BEGIN

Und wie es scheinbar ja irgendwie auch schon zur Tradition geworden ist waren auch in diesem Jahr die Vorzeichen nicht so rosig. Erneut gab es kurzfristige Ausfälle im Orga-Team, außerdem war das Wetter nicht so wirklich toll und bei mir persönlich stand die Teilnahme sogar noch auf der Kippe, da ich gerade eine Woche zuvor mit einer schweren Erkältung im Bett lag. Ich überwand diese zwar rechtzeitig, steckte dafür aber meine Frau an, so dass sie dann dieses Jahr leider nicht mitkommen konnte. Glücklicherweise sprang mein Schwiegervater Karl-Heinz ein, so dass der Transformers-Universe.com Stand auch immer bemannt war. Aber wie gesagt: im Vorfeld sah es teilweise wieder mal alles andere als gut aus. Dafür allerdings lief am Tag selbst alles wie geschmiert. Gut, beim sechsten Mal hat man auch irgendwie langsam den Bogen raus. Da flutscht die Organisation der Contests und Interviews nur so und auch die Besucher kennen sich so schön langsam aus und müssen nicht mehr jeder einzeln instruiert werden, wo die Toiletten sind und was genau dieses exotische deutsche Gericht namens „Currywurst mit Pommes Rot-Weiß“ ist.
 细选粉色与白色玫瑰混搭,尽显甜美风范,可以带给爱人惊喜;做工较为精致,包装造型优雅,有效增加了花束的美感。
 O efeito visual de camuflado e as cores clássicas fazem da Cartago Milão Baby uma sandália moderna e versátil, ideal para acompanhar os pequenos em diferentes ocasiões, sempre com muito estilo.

END
BEGIN

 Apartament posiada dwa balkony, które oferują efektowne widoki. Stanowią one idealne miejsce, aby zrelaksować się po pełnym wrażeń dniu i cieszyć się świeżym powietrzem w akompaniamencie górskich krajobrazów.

END
BEGIN

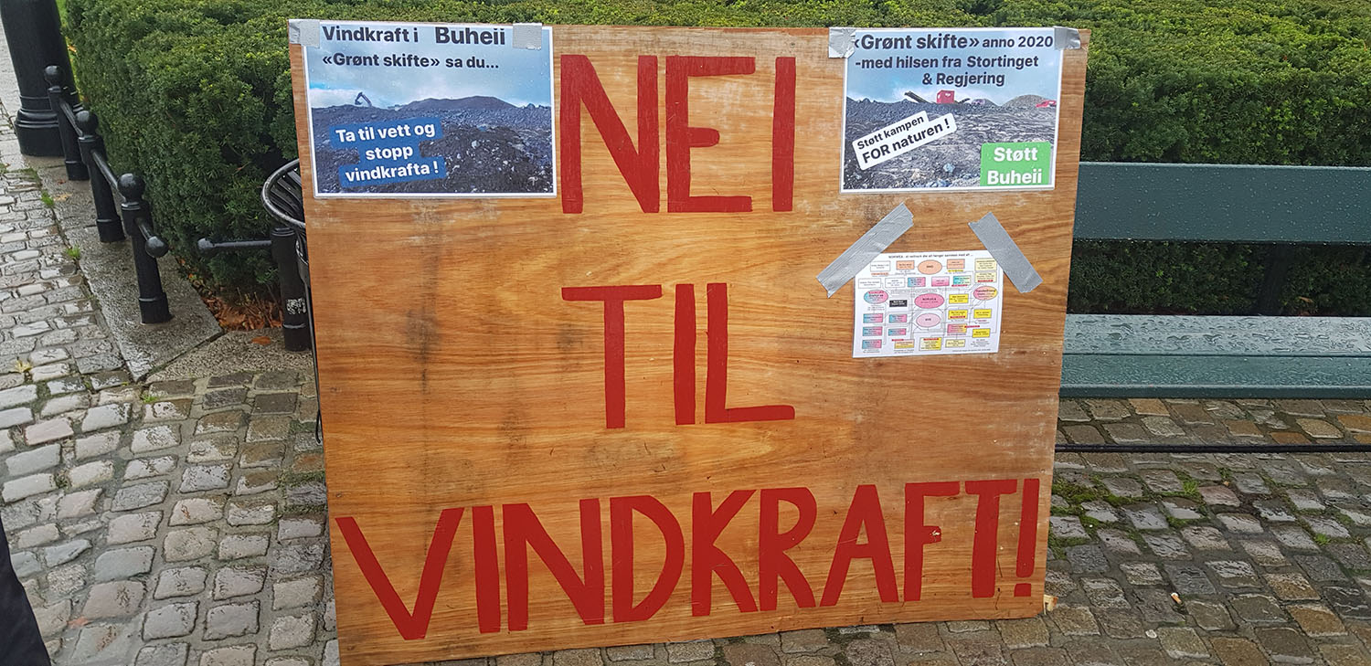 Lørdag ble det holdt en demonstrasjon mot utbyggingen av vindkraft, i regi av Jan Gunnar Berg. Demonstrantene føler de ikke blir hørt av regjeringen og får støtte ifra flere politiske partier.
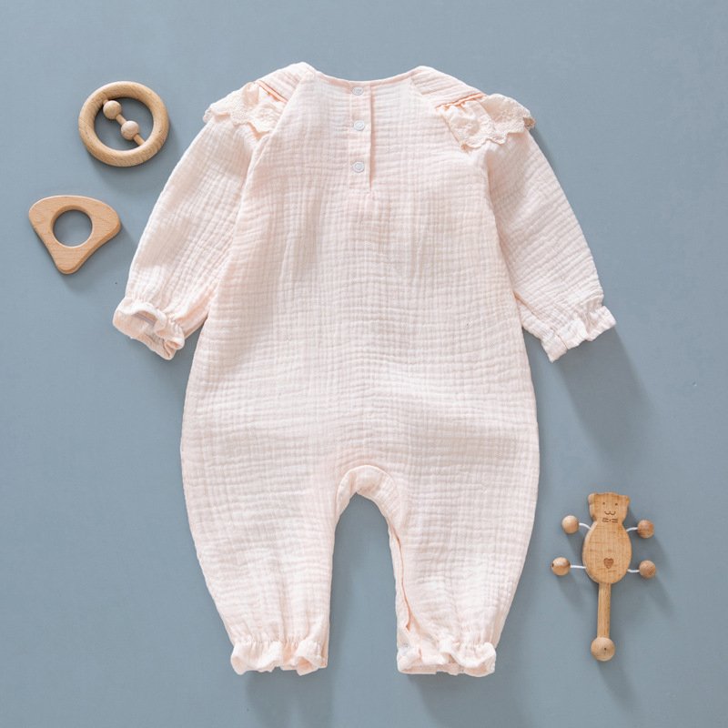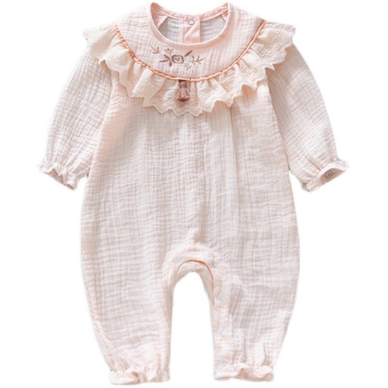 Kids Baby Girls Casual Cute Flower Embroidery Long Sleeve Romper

END

# The task
Look through the entries above and quote exactly the lines from the line with "Und wie es scheinbar" to the line with "O efeito visual", counting both of those lines.

# Solved exercise
Und wie es scheinbar ja irgendwie auch schon zur Tradition geworden ist waren auch in diesem Jahr die Vorzeichen nicht so rosig. Erneut gab es kurzfristige Ausfälle im Orga-Team, außerdem war das Wetter nicht so wirklich toll und bei mir persönlich stand die Teilnahme sogar noch auf der Kippe, da ich gerade eine Woche zuvor mit einer schweren Erkältung im Bett lag. Ich überwand diese zwar rechtzeitig, steckte dafür aber meine Frau an, so dass sie dann dieses Jahr leider nicht mitkommen konnte. Glücklicherweise sprang mein Schwiegervater Karl-Heinz ein, so dass der Transformers-Universe.com Stand auch immer bemannt war. Aber wie gesagt: im Vorfeld sah es teilweise wieder mal alles andere als gut aus. Dafür allerdings lief am Tag selbst alles wie geschmiert. Gut, beim sechsten Mal hat man auch irgendwie langsam den Bogen raus. Da flutscht die Organisation der Contests und Interviews nur so und auch die Besucher kennen sich so schön langsam aus und müssen nicht mehr jeder einzeln instruiert werden, wo die Toiletten sind und was genau dieses exotische deutsche Gericht namens „Currywurst mit Pommes Rot-Weiß“ ist.
 细选粉色与白色玫瑰混搭,尽显甜美风范,可以带给爱人惊喜;做工较为精致,包装造型优雅,有效增加了花束的美感。
 O efeito visual de camuflado e as cores clássicas fazem da Cartago Milão Baby uma sandália moderna e versátil, ideal para acompanhar os pequenos em diferentes ocasiões, sempre com muito estilo.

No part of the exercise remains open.